Mon maître, considérant le profit que je pouvais lui rapporter, résolut de me faire voir dans les villes du royaume les plus considérables. S’étant donc fourni de toutes les choses nécessaires à un long voyage, après avoir réglé ses affaires domestiques et dit adieu à sa femme, le dix-septième août 1703, environ deux mois après mon arrivée, nous partîmes pour nous rendre à la capitale, située vers le milieu de cet empire, et environ à quinze cents lieues de notre demeure. Mon maître fit monter sa fille en trousse derrière lui : elle me porta dans une boîte attachée autour de son corps, doublée du drap le plus fin qu’elle avait pu trouver.

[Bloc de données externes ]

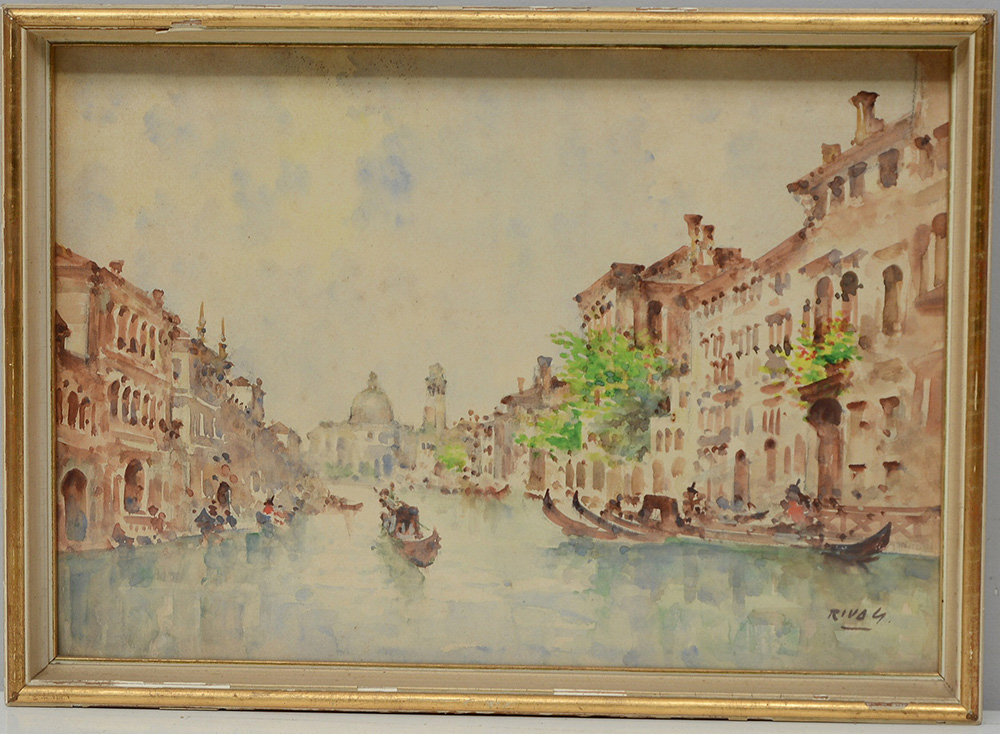 Giovanni Riva (Torino 1890 - 1973) "Canal Grande, Venezia" acquerello (cm 35x50) Firmato in basso a destra. In cornice (difetti)

Le dessein de mon maître fut de me faire voir sur la route, dans toutes les villes, bourgs et villages un peu fameux, et de parcourir même les châteaux de la noblesse qui l’éloigneraient peu de son chemin. Nous faisions de petites journées, seulement de quatre-vingts ou cent lieues ; car Glumdalclitch, exprès pour m’épargner de la fatigue, se plaignit qu’elle était bien incommodée du trot du cheval. Souvent elle me tirait de la caisse pour me donner de l’air, et me faire voir le pays. Nous passâmes cinq ou six rivières plus larges et plus profondes que le Nil et le Gange ; et il n’y avait guère de ruisseau qui ne fût plus grand que la Tamise au pont de Londres. Nous fûmes trois semaines dans notre voyage, et je fus montré dans dix-huit grandes villes, sans compter plusieurs villages et plusieurs châteaux de la campagne.

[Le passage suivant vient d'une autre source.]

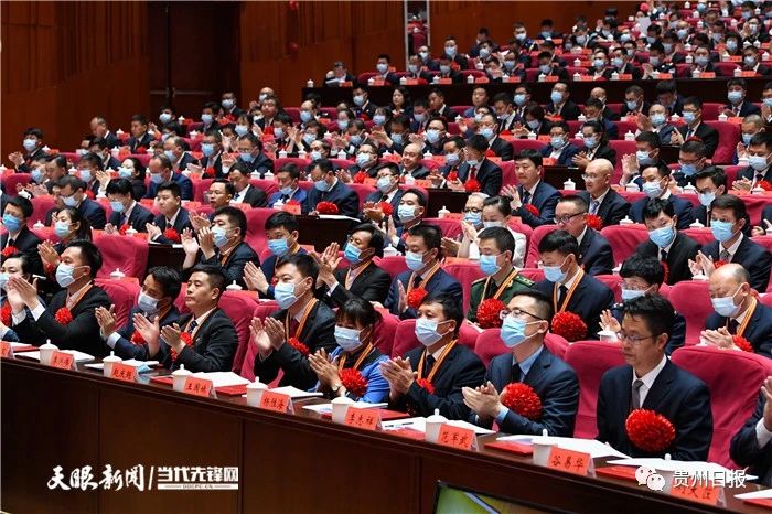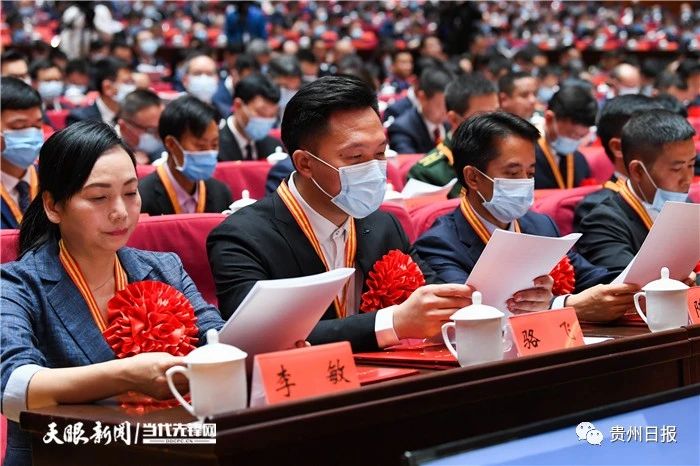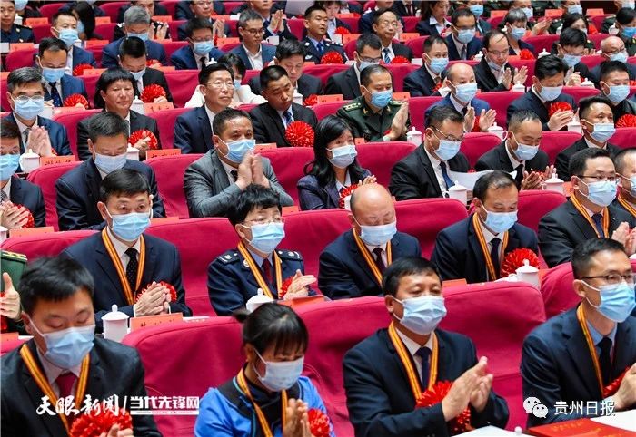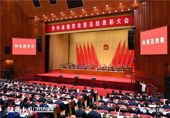 会场内气氛隆重热烈,两侧大屏幕上“向先进学习 向模范致敬”金色大字格外醒目。上午10时许,大会开始。雄壮的《义勇军进行曲》响彻会场,全场起立高唱国歌。随后,蓝绍敏宣读了《中共贵州省委 贵州省人民政府关于表彰全省脱贫攻坚先进集体和先进个人的决定》,决定授予贵阳市委办公厅等1000个集体“贵州省脱贫攻坚先进集体”称号,授予刘明兰等1500名同志“贵州省脱贫攻坚先进个人”称号。谌贻琴、李炳军、刘晓凯、蓝绍敏等省领导为受表彰的先进个人和先进集体代表颁奖。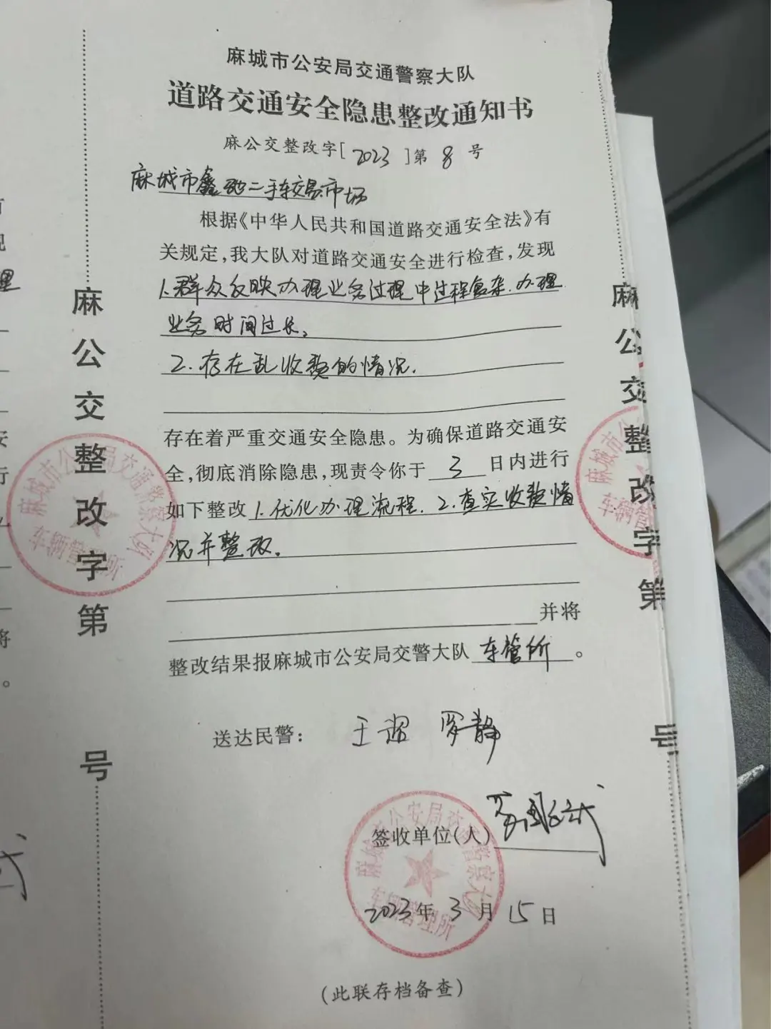 案例1:一群眾通過“執(zhí)法評道”反映在黃岡某服務(wù)站辦理登記業(yè)務(wù)時,被多收費(fèi)不10元錢,麻城市公安局交警大隊(duì)接到反映后,立即上門核實(shí),并下達(dá)整改通知書。

Le vingt-sixième jour d’octobre, nous arrivâmes à la capitale, appelée dans leur langue Lorbruldrud ou l’Orgueil de l’univers. Mon maître loua un appartement dans la rue principale de la ville, peu éloignée du palais royal, et distribua, selon la coutume, des affiches contenant une description merveilleuse de ma personne et de mes talens. Il loua une très-grande salle de trois ou quatre cents pieds de large, où il plaça une table de soixante pieds de diamètre, sur laquelle je devais jouer mon rôle ; il la fit entourer de palissades pour m’empêcher de tomber en bas. C’est sur cette table qu’on me montra dix fois par jour, au grand étonnement et à la satisfaction de tout le peuple. Je savais alors passablement parler la langue, et j’entendais parfaitement tout ce qu’on disait de moi ; d’ailleurs, j’avais appris leur alphabet, et je pouvais, quoique avec peine, lire et expliquer les livres, car Glumdalclitch m’avait donné des leçons chez son père, et aux heures de loisir pendant notre voyage : elle portait un petit livre dans sa poche un peu plus gros qu’un volume d’atlas, livre à l’usage des jeunes filles, et qui était une espèce de catéchisme en abrégé ; elle s’en servait pour m’enseigner les lettres de l’alphabet, et elle m’en interprétait les mots.